Una mañana recibió la visita del cura del pueblo. El sacerdote se había ausentado diez días para sustituir a un colega enfermo y, para su gran pesar, no había coincidido con los venecianos.

—¡Para una vez que ocurre algo aquí! —se había lamentado al volver.

El cura, que apreciaba de manera especial a Giovanni, le preguntó por las razones de su acto y le propuso escucharle en confesión. El muchacho no era especialmente piadoso, pero practicaba la religión, a semejanza de otros lugareños, como un rito que formaba parte de las costumbres. Iba a misa los domingos, se confesaba y comulgaba en las grandes fiestas. No tenía ninguna devoción particular por la Virgen y no rezaba. Creía en Dios como se cree en la vida.
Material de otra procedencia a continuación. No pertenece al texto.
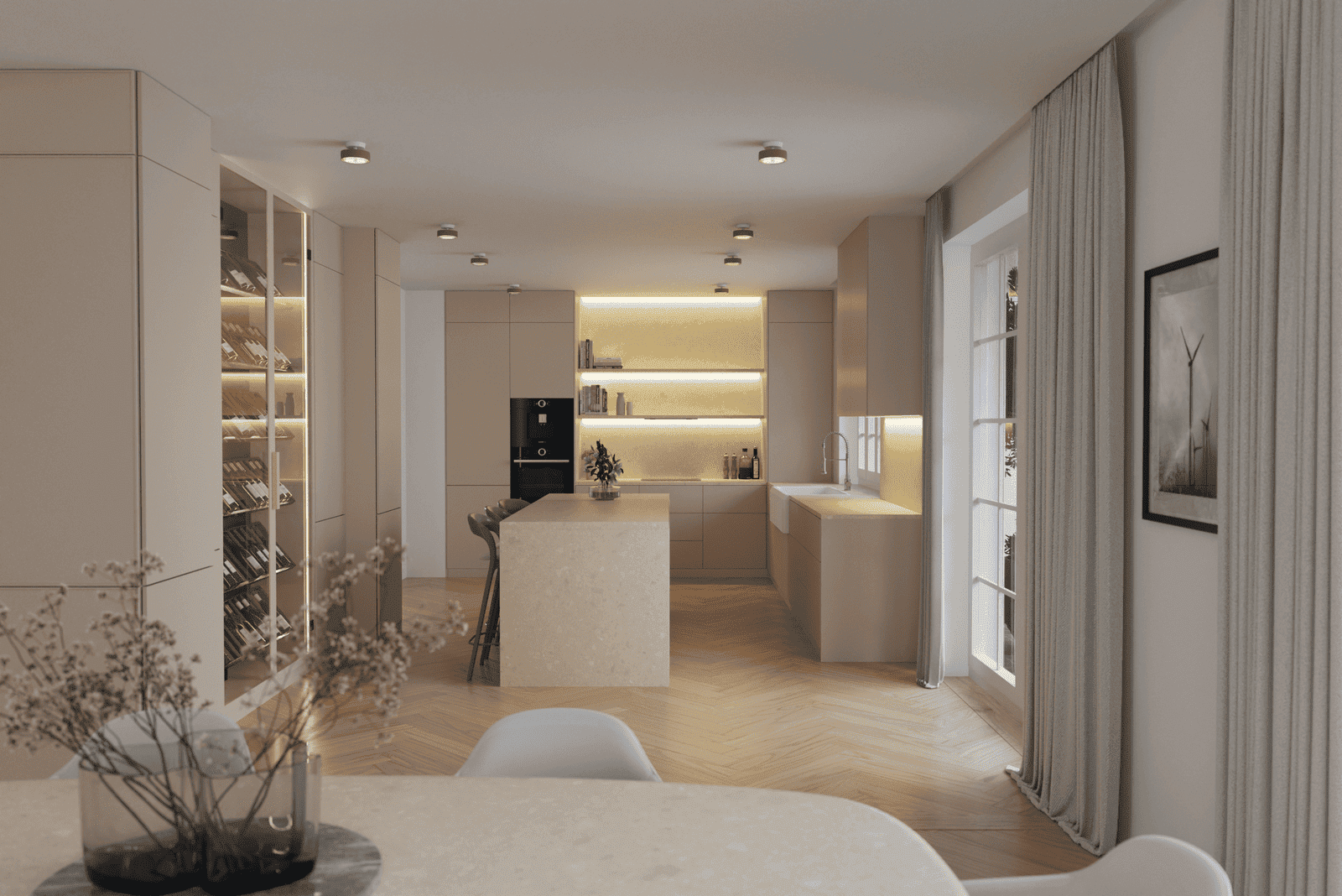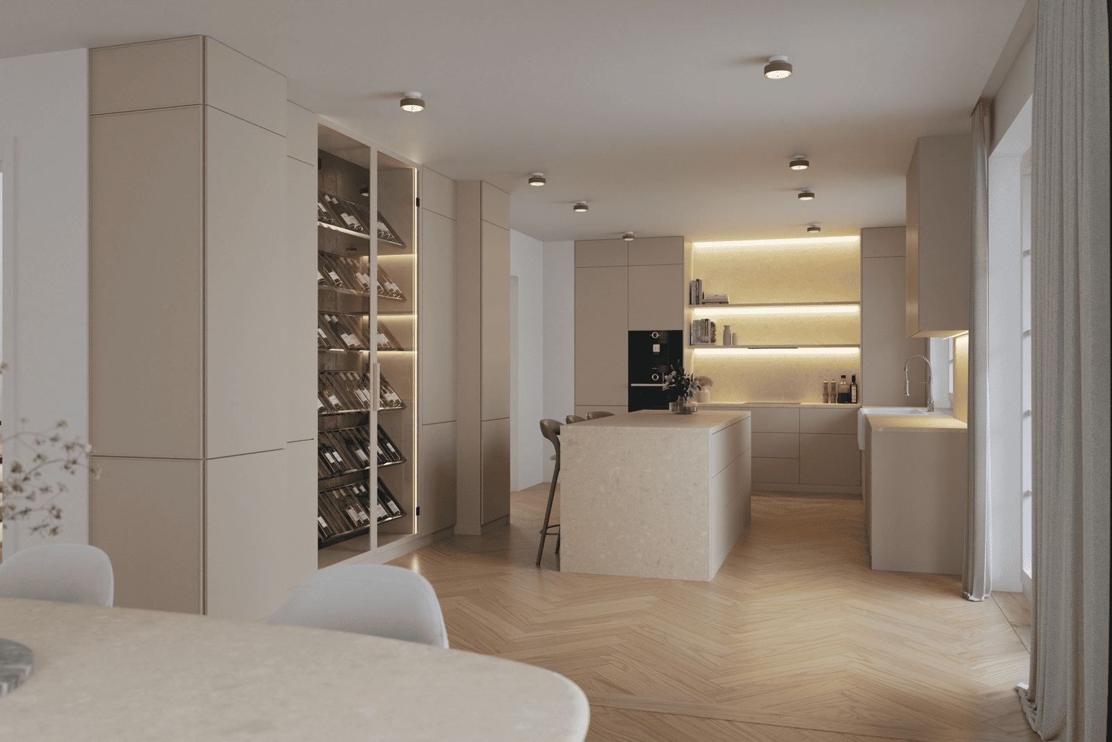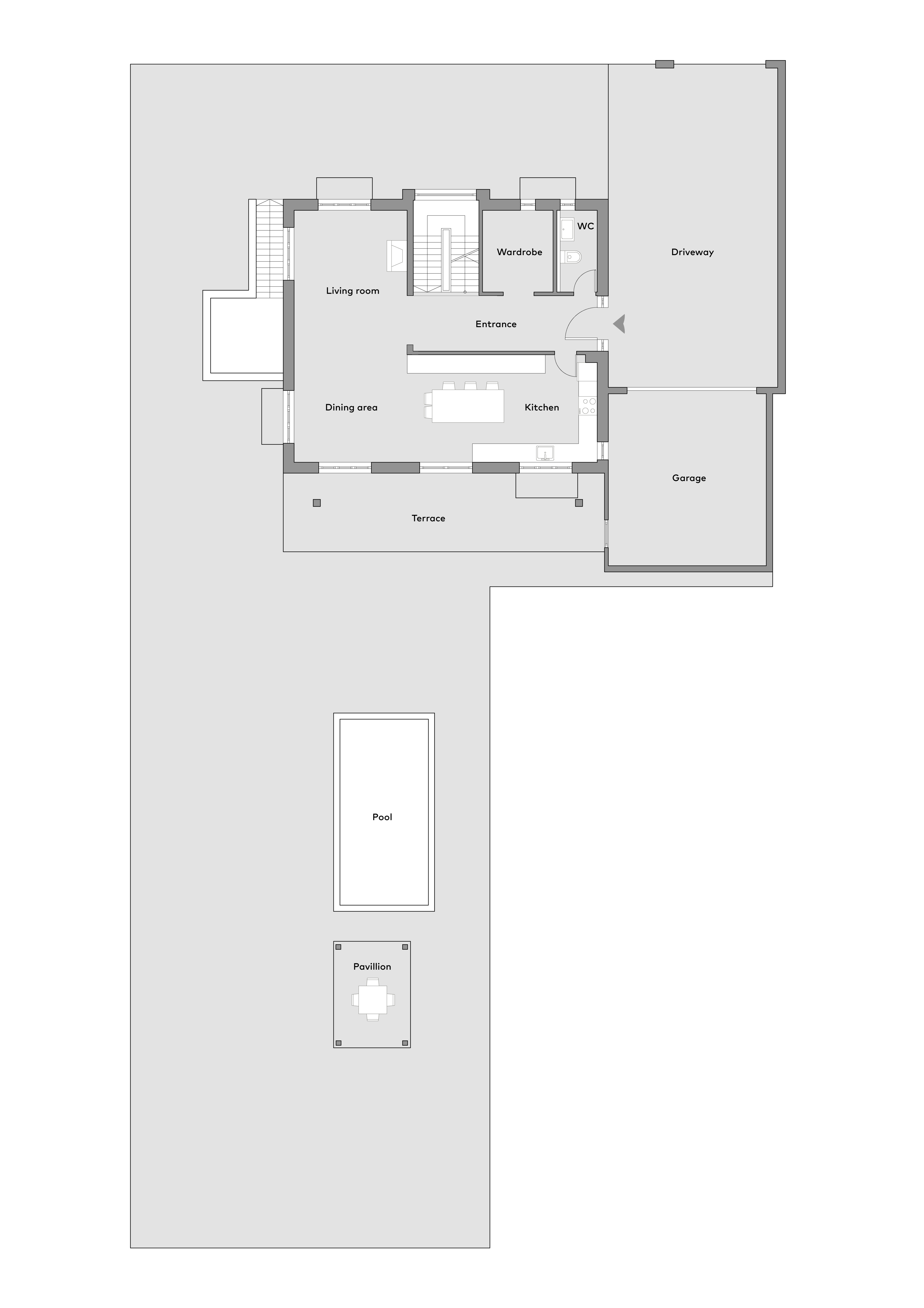 On the ground floor, you are welcomed by a spacious entrance area with a custom-made wardrobe and guest WC. The light-filled living and dining area opens up with floor-to-ceiling windows to the covered terrace and the lovingly designed expansive garden, pool, and covered patio. Noble oak parquet floors, high-quality fine stoneware tiles, and hand-plastered walls underscore the premium quality. The open kitchen is equipped with state-of-the-art features, custom-built furnishings, and high-quality branded appliances – the perfect meeting point for the whole family.

Era una evidencia que no merecía ningún interrogante, ningún pensamiento específico.

Le pareció normal, por lo tanto, confesarse, puesto que había cometido un acto que había causado perjuicio a los lugareños y estaba arrepentido. En cambio, le resultó difícil explicarle al cura por qué su corazón se había sentido inmediatamente unido a aquella muchacha, a la que tan solo había entrevisto. El sacerdote le reprochó que viviera demasiado en el mundo de lo imaginario, le aseguró que era una locura pensar en volver a verla y que, aun cuando lo consiguiera, ella no podría sino sentir desprecio por un pobre campesino como él.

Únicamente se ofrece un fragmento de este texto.